Система философии. Том 1. Логика чистого познания - страница 11



Критика была не только решающим деянием в личном развитии Канта: это всемирно-историческое деяние Канта. В ее открытии, в разработке метода критики состоит непреходящая ценность кантовского мышления. Этим не высказывается мнение, что эта ценность исчерпывается методологией критики. Но для здорового прогресса философского исследования важно открытое и ясное различение между этим значением критики, которое заключается в установлении отношения между метафизикой и математической наукой о природе, и всем, даже самым важным, конкретным содержанием кантовских мыслей. О последних могут быть споры, и для них должна быть открыта свободная дорога; о первых же не может быть споров, если компас науки не должен быть сбит. Мощные, творческие умы со времен греков всегда ориентировались по этому компасу; только плавание часто пересекали туманы, которые сгущали разнородность метафизических проблем. XVIII век наконец принес искренность, которая выразилась в осознании и признании, что моральная достоверность иного рода, чем математико-научная.

Можно сказать, что это значение критики – не только веха научной работы, но одновременно и водораздел умонастроения. Те, кто уклоняется от этой границы, – не только «благородные», которых Кант разоблачил как не желающих работать; скромнее и точнее, пожалуй, можно сказать, что они не желают учиться; Кант также охарактеризовал их как врагов Просвещения, предающихся «гениальным порывам» и озарениям вместо того, чтобы считать науку единственным источником истины. Мефистофель выдает глубокую мысль, что в науке презирают разум.

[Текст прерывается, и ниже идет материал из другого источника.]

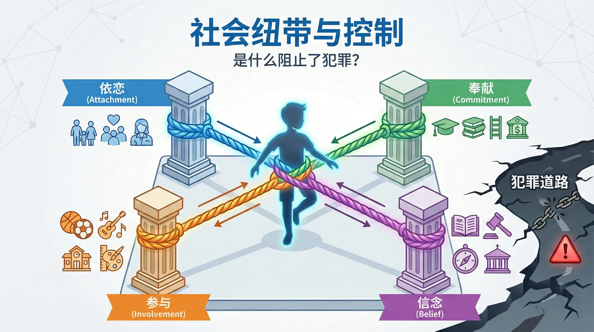 社会纽带理论的启示是,预防青少年犯罪需要全方位地强化他们与社会的纽带。家庭要建立和维护良好的亲子关系,让孩子感受到爱和关怀;学校要帮助学生建立对未来的信心和规划,让他们对传统成功途径保持投入;社会要为青少年提供丰富的正当活动机会,充实他们的生活;文化要培育对法律和道德的尊重,强化价值信念。当这四个方面的纽带都很强韧时,青少年就会与社会紧密相连,犯罪的可能性自然降低。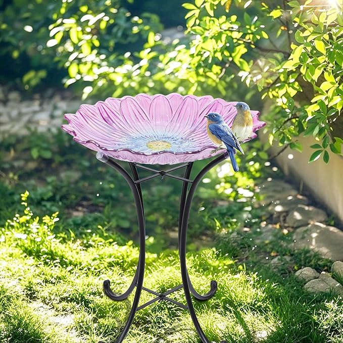 • Pink bird bath has weather resistant, durable and glass bird bath bowl is designed into flower shape pattern, which is a gorgeous addition to any lawn garden yard outdoor space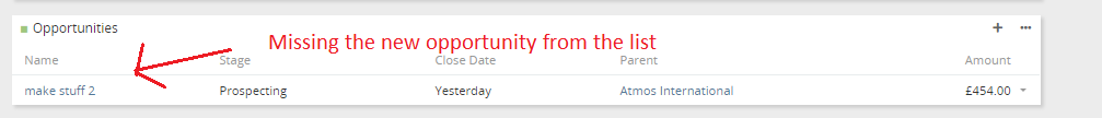 BUT this means that I have to have another box on the opportunities page to link it to a lead which I don't want to do. Instead when I link to a multiple choice parent where the selection is Account or Lead, it will not automatically appear in the Opportunity list in the Account

В этом прежде всего состоит отпадение от Канта, которое имело краткий подъем, но внезапное падение философской деятельности: они снова разрушили перегородку между разнородными проблемами метафизики. И это пренебрежение Просвещением и его честностью, которую они непочтительно высмеивали, имело, конечно, моральную причину или, по крайней мере, религиозную, не говоря уже о церковно-политической. Но научным предлогом было восстание против Ньютона. Идея снова должна была означать и Бога, и природу, причем не так, как Декарт в лучшем случае стремился к этому единству, а выдвигали Спинозу, который растворил метафизику в этике и стоит вне линии, идущей от Галилея через Декарта и Лейбница к Ньютону. Философия снова должна была стать философией религии. Даже в философии романтика снова вернулась к Средневековью.

Что бы ни было приобретено в универсальном и художественном понимании истории философской романтикой систем тождества – впрочем, Нибур, методолог истории, предшествует им и является учеником Канта – но, оставив и отвергнув систему принципов Ньютона, философия вместе с честным сердцем потеряла и ясную голову. Новые истины стали понятиями гениальной интуиции и интеллектуальными созерцаниями, но строгое понятие чистых познаний, ограниченное принципами математической науки о природе, для него не осталось ни ранга, ни опоры; его след стерся. Однако эти принципы проходят через всемирную историю разума. Их формулировки меняются, но мотивы остаются теми же; они являются, так сказать, азбукой разума. Отказавшись от чистых познаний в этой точной ограниченности, те романтики отреклись от самого надежного достояния и высшего права разума.

3. Отношение логики чистого к критике и метафизике

Здесь мы снова начинаем с самого начала. Иными словами, мы снова становимся на почву принципов математического естествознания. Они должны быть заново продемонстрированы как чистое знание, заново открытое в контексте разума. А как же задача такого доказательства, утверждение такого открытия? Остается ли она здесь за критикой, методологическое значение которой ограничивается разграничением задач и определением отношения метафизики к математическому естествознанию? Мы не спорим о названии; но это важный вопрос.